[ASSIGNED TASK]
Please transcribe the listing below in full, exactly as written, leaving out its pictures.

[SOURCE MATERIAL]
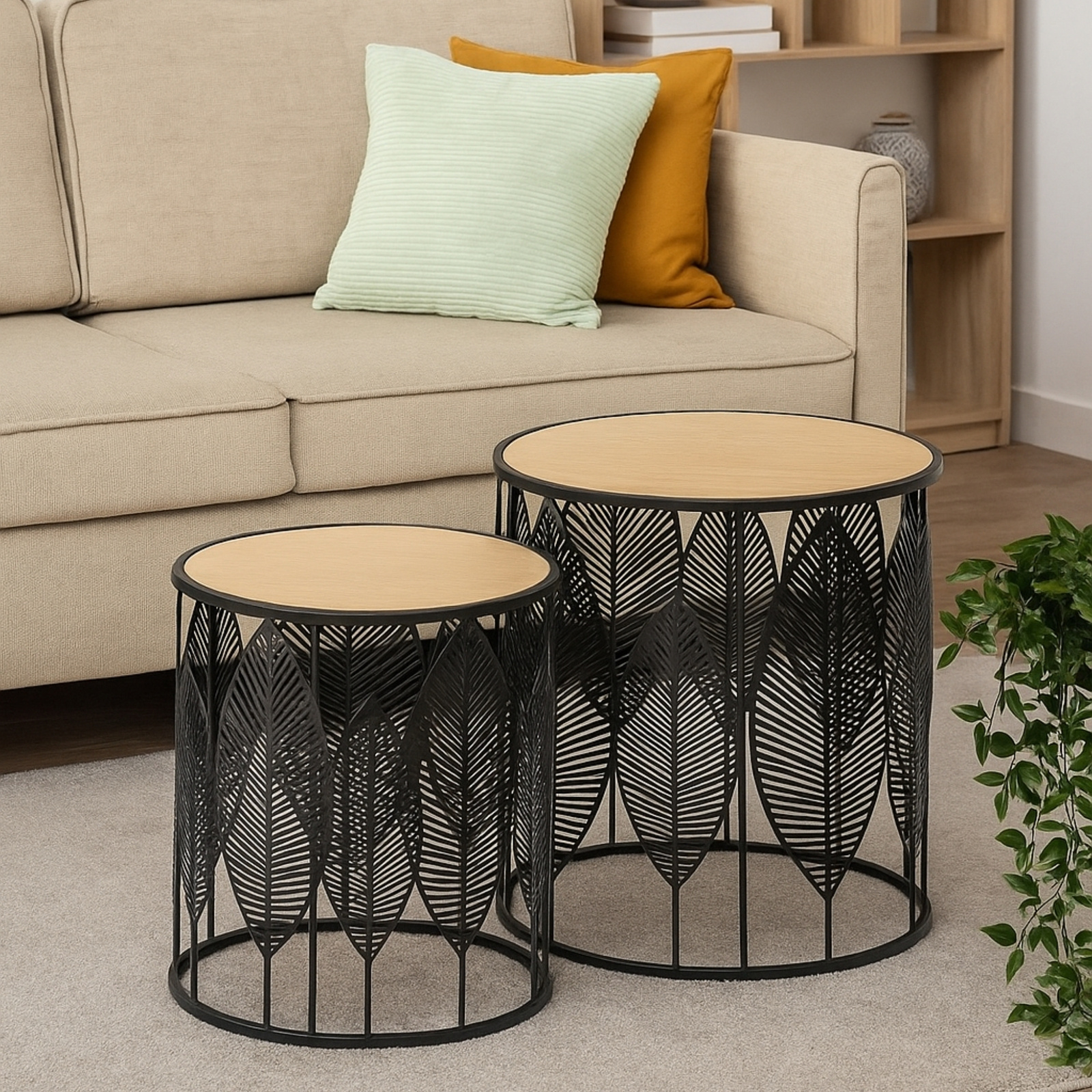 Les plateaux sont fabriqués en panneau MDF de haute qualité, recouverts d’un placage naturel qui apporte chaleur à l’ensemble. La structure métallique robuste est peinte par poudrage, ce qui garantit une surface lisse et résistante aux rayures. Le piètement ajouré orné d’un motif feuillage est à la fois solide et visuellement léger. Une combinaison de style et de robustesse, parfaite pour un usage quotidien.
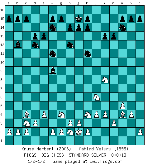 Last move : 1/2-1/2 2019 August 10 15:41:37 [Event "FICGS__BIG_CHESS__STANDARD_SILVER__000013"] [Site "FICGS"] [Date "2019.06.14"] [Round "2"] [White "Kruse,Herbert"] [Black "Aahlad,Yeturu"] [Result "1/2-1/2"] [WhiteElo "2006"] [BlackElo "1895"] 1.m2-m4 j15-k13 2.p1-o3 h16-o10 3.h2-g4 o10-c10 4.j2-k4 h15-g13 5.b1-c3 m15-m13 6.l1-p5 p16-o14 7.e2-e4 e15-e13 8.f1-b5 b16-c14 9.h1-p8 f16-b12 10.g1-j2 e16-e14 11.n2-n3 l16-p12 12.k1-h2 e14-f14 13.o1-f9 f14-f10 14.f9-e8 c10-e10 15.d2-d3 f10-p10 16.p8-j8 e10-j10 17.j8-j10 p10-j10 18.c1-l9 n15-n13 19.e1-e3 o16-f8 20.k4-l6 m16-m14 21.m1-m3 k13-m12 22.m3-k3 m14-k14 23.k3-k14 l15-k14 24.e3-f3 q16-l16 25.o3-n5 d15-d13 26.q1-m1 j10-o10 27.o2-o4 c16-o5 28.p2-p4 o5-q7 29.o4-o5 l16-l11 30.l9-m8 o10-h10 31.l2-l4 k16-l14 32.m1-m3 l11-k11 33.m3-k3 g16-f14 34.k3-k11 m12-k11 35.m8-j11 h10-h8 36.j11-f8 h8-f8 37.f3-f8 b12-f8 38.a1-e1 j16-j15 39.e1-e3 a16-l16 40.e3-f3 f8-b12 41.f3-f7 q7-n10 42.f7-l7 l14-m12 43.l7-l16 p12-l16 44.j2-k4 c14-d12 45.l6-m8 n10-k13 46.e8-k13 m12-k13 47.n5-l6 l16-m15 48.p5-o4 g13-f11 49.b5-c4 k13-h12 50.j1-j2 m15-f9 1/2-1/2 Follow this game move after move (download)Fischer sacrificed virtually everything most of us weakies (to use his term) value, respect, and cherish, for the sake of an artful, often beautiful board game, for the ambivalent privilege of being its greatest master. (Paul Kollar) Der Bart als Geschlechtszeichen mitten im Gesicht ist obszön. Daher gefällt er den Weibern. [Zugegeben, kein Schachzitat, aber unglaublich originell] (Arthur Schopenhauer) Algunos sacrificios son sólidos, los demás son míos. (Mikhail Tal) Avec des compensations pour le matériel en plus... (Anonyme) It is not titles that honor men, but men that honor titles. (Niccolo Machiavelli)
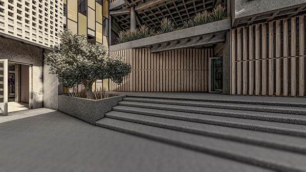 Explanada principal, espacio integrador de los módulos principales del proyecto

[WRITTEN RESPONSE]
 Les plateaux sont fabriqués en panneau MDF de haute qualité, recouverts d’un placage naturel qui apporte chaleur à l’ensemble. La structure métallique robuste est peinte par poudrage, ce qui garantit une surface lisse et résistante aux rayures. Le piètement ajouré orné d’un motif feuillage est à la fois solide et visuellement léger. Une combinaison de style et de robustesse, parfaite pour un usage quotidien.
 Last move : 1/2-1/2 2019 August 10 15:41:37 [Event "FICGS__BIG_CHESS__STANDARD_SILVER__000013"] [Site "FICGS"] [Date "2019.06.14"] [Round "2"] [White "Kruse,Herbert"] [Black "Aahlad,Yeturu"] [Result "1/2-1/2"] [WhiteElo "2006"] [BlackElo "1895"] 1.m2-m4 j15-k13 2.p1-o3 h16-o10 3.h2-g4 o10-c10 4.j2-k4 h15-g13 5.b1-c3 m15-m13 6.l1-p5 p16-o14 7.e2-e4 e15-e13 8.f1-b5 b16-c14 9.h1-p8 f16-b12 10.g1-j2 e16-e14 11.n2-n3 l16-p12 12.k1-h2 e14-f14 13.o1-f9 f14-f10 14.f9-e8 c10-e10 15.d2-d3 f10-p10 16.p8-j8 e10-j10 17.j8-j10 p10-j10 18.c1-l9 n15-n13 19.e1-e3 o16-f8 20.k4-l6 m16-m14 21.m1-m3 k13-m12 22.m3-k3 m14-k14 23.k3-k14 l15-k14 24.e3-f3 q16-l16 25.o3-n5 d15-d13 26.q1-m1 j10-o10 27.o2-o4 c16-o5 28.p2-p4 o5-q7 29.o4-o5 l16-l11 30.l9-m8 o10-h10 31.l2-l4 k16-l14 32.m1-m3 l11-k11 33.m3-k3 g16-f14 34.k3-k11 m12-k11 35.m8-j11 h10-h8 36.j11-f8 h8-f8 37.f3-f8 b12-f8 38.a1-e1 j16-j15 39.e1-e3 a16-l16 40.e3-f3 f8-b12 41.f3-f7 q7-n10 42.f7-l7 l14-m12 43.l7-l16 p12-l16 44.j2-k4 c14-d12 45.l6-m8 n10-k13 46.e8-k13 m12-k13 47.n5-l6 l16-m15 48.p5-o4 g13-f11 49.b5-c4 k13-h12 50.j1-j2 m15-f9 1/2-1/2 Follow this game move after move (download)Fischer sacrificed virtually everything most of us weakies (to use his term) value, respect, and cherish, for the sake of an artful, often beautiful board game, for the ambivalent privilege of being its greatest master. (Paul Kollar) Der Bart als Geschlechtszeichen mitten im Gesicht ist obszön. Daher gefällt er den Weibern. [Zugegeben, kein Schachzitat, aber unglaublich originell] (Arthur Schopenhauer) Algunos sacrificios son sólidos, los demás son míos. (Mikhail Tal) Avec des compensations pour le matériel en plus... (Anonyme) It is not titles that honor men, but men that honor titles. (Niccolo Machiavelli)
 Explanada principal, espacio integrador de los módulos principales del proyecto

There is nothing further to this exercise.